The following were the exclusion criteria: other drug dependencies (except nicotine), renal insufficiency, pregnancy or breast feeding, previous treatment with acamprosate, hospitalization for treatment of an Axis 1 psychiatric disorder, participation in any other study in the previous month, use of any unregistered experimental treatment and inability or ineligibility to provide an informed consent. There were no forbidden concomitant medications, with the exception of other abstinence-promoting drugs. Moreover, if it was anticipated that hospitalization for any reason beyond the 3 week inpatient detoxification would be required, the patient was excluded.
Randomization and treatment
Subjects were screened when they were admitted for a 3 week acute detoxification programme in the addiction unit of the Brugmann University Hospital. Once the patients fulfilling the inclusion criteria had completed 1 week of abstinence, they were randomized into two groups, with or without a nurse follow-up. A computer-generated code was created before the beginning of the study and held by an independent third party. Investigators telephoned the centre before the inclusion of each subject, to obtain a randomization number defining the group to which the patient was to be assigned. Investigators had no access to the source code.
After detoxification, the patients were discharged and subsequently followed up as outpatients for the study duration. In case of a severe relapse (defined as a relapse requiring rehospitalization), the treating physician could readmit the patient. Treatment with acamprosate was initiated during the first 7 days of abstinence and continued for 26 weeks. The dose administered was 1998 mg/day if their body weight exceeded 60 kg (two 333 mg tablets t.i.d.) or a dose of 1332 mg/day if their body weight was <60 kg (four tablets: two in the morning, one at midday and one in the evening). The moment of randomization and the initiation of acamprosate treatment after 1 week's abstinence during the inpatient detoxification programme was taken as the beginning of the study period. Use of naltrexone or disulfiram was not permitted during the study period. The patients could receive any appropriate psychotherapeutic procedure deemed useful by the hospital physician.
The patients returned to the hospital outpatient clinic at 4 and 6 weeks, then every 4 weeks to assess the efficacy, safety and compliance to treatment. Patients in the no nurse follow-up group were invited to consult their general practitioner whenever necessary. The latter received no specific instructions on how the patients should be managed. The management of the no nurse group corresponded to the standard rehabilitation care of alcohol dependence in the Brugmann University Hospital. Patients in the nurse follow-up group could also consult their general practitioner if required.
In the nurse follow-up group, a community nurse, who contacted the patient at least once a week by telephone, closely monitored each patient. One individual filled the role. She was available by telephone 24 h a day, 7 days a week and could arrange ad hoc telephone calls to the patient by mutual agreement. Home visits could be made at the initiative of the patients or the community nurse, with the patient's consent, whenever considered useful. The community nurse also coordinated a follow-up at the hospital outpatient clinic and by the general practitioner, and could accompany the patient to these consultations if desired. She did not specifically recommend referral for other therapies.

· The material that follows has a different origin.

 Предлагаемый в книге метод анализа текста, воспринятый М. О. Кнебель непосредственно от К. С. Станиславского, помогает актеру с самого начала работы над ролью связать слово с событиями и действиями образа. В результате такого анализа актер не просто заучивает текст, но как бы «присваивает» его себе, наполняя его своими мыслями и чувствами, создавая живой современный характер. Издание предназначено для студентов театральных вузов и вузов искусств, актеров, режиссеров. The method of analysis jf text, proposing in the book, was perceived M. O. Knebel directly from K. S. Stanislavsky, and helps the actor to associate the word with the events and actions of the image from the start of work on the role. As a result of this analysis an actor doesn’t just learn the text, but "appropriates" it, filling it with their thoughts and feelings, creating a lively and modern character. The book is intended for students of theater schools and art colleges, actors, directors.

The community nurse was qualified in community health, experienced in the care of alcohol-dependent patients and trained in the relevant psychosocial support procedures used at the study centre.
Data collection
At the time of inclusion, demographic data (age, gender, marital status, occupational status and living situation) were collected. A medical history and a history of alcohol-related behaviour and pathology was recorded, including data on drinking patterns, duration of drinking and previous treatments for alcohol-related problems. Physical examination and standard laboratory tests were performed at the time of inclusion and at study end. Alcohol consumption during the previous month was documented at each study visit, but the clinicians who did this were not blinded to the treatment group. Patients were asked about adverse events at each study visit.
Outcome measures
The primary efficacy variables were retention in the study protocol and abstinence. Retention in the trial was defined as the total study duration for completers, and as the time to dropout for patients who left the trial prematurely. Abstinence was defined as no consumption of alcohol, and relapse as any alcohol consumption since the previous study visit. If information was unavailable at any study visit, the entire preceding period was counted as non-abstinent.

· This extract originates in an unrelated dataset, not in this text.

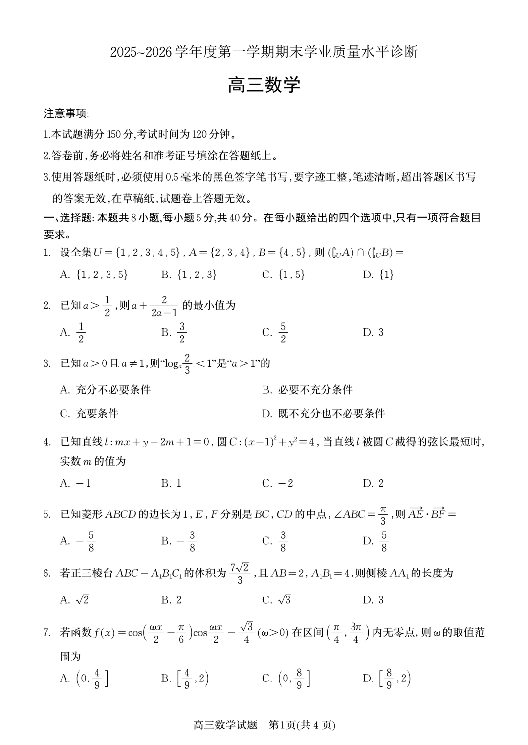 山东省烟台市2026届高三第一学期1月期末学业质量水平诊断

Abstinence was quantified as the cumulative abstinence duration over the study, expressed as a proportion of the total study length of 26 weeks (CADP), and this was taken as the primary efficacy criterion. Secondary endpoints were the proportion of patients continuously abstinent throughout the study period (AAP), the time to first drink, and the time to stable recovery (defined as the moment from when abstinence is continuously observed until the study end).
Other secondary outcome variables measured in the study were compliance with acamprosate since the previous visit and clinical global impression (CGI) rated at the end of the study. Compliance was determined by the investigator keeping note of the unused study medication and empty medication packs returned to the study centre by the patients.
Statistical analysis
The study population analysed was an intention to treat population, defined as all randomized patients having taken at least one dose of drug and for whom at least one post-baseline measure of alcohol consumption was available.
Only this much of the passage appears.